WHAT TO WORK ON >>
Copy out the full listing below as it stands, with its pictures left behind.

RECORDED INFORMATION >>
• • • • •

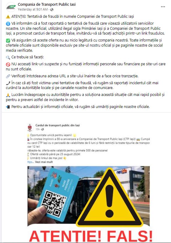 CTP Iași a informat cetățenii despre frauda care circulă în numele companiei / sursă foto: Facebook
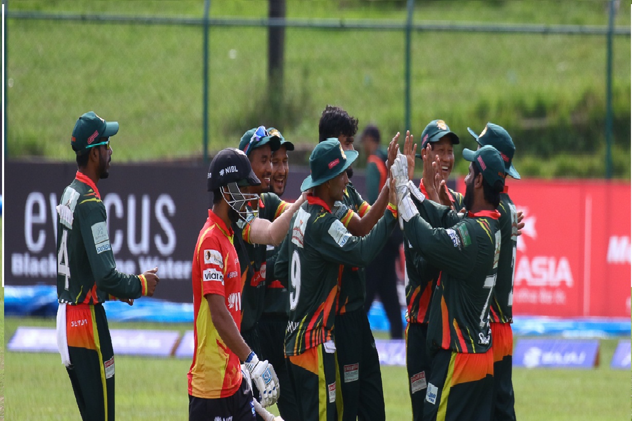 विवेक यादव ४, रित गौतम २, सहन अर्चाचिगे २ बिक्रम सोब १ रनमा आउट हुँदा लोकेश बम र नन्दन यादव खाता नखोली पेभेलियन फर्किए ।पोखरालाई सस्तैमा रोक्न चितवनका कमल सिंह ऐरीले ४ विकेट लिए । उनले मात्र २० रन खर्चिए । यस्तै करिम जनत र सेकुग्गे प्रसन्नले २र२ विकेट लिए । सोमपाल कामी र सागर ढकालको नाममा १र१ विकेट रह्यो ।
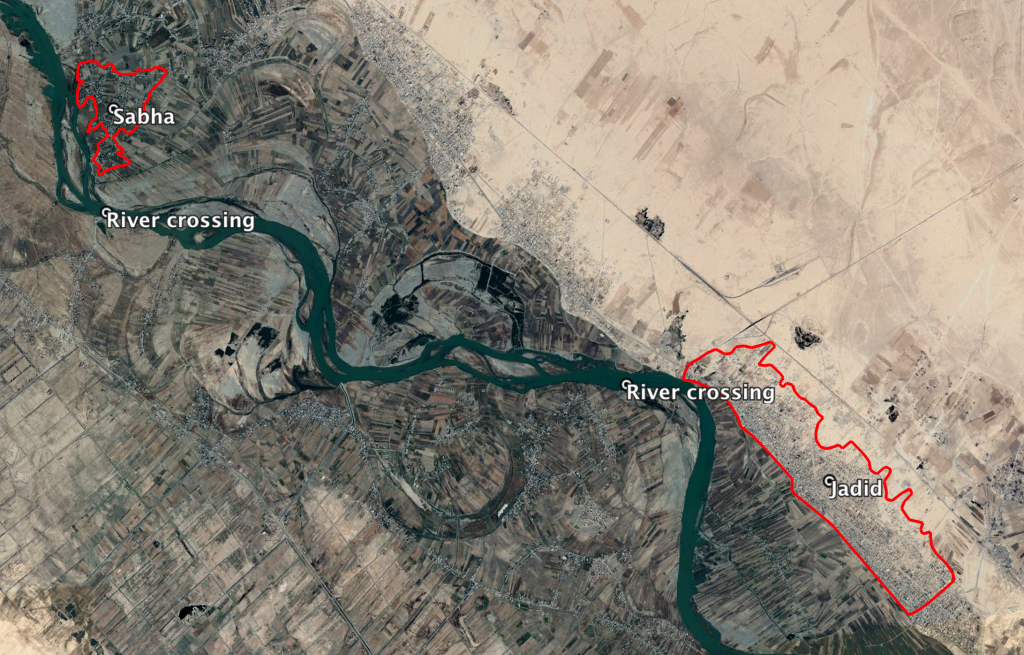 Reports of the incident mention the Sabha and Jadid river crossings (معبر صبحة والجدید). Two possible locations for these river crossings are: 35.258358, 40.330682 (Jadid) and 35.284181, 40.234852 (Sabha)
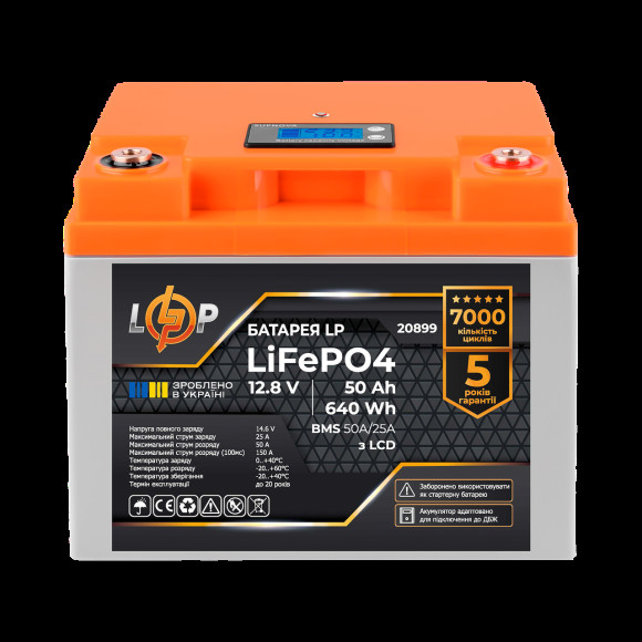 Аккумулятор LP LiFePO4 для ИБП 12V (12,8V) - 50 Ah (640Wh) (BMS 50A/25A) пластик

• • • • •

TASK RESPONSE >>
 CTP Iași a informat cetățenii despre frauda care circulă în numele companiei / sursă foto: Facebook
 विवेक यादव ४, रित गौतम २, सहन अर्चाचिगे २ बिक्रम सोब १ रनमा आउट हुँदा लोकेश बम र नन्दन यादव खाता नखोली पेभेलियन फर्किए ।पोखरालाई सस्तैमा रोक्न चितवनका कमल सिंह ऐरीले ४ विकेट लिए । उनले मात्र २० रन खर्चिए । यस्तै करिम जनत र सेकुग्गे प्रसन्नले २र२ विकेट लिए । सोमपाल कामी र सागर ढकालको नाममा १र१ विकेट रह्यो ।
 Reports of the incident mention the Sabha and Jadid river crossings (معبر صبحة والجدید). Two possible locations for these river crossings are: 35.258358, 40.330682 (Jadid) and 35.284181, 40.234852 (Sabha)
 Аккумулятор LP LiFePO4 для ИБП 12V (12,8V) - 50 Ah (640Wh) (BMS 50A/25A) пластик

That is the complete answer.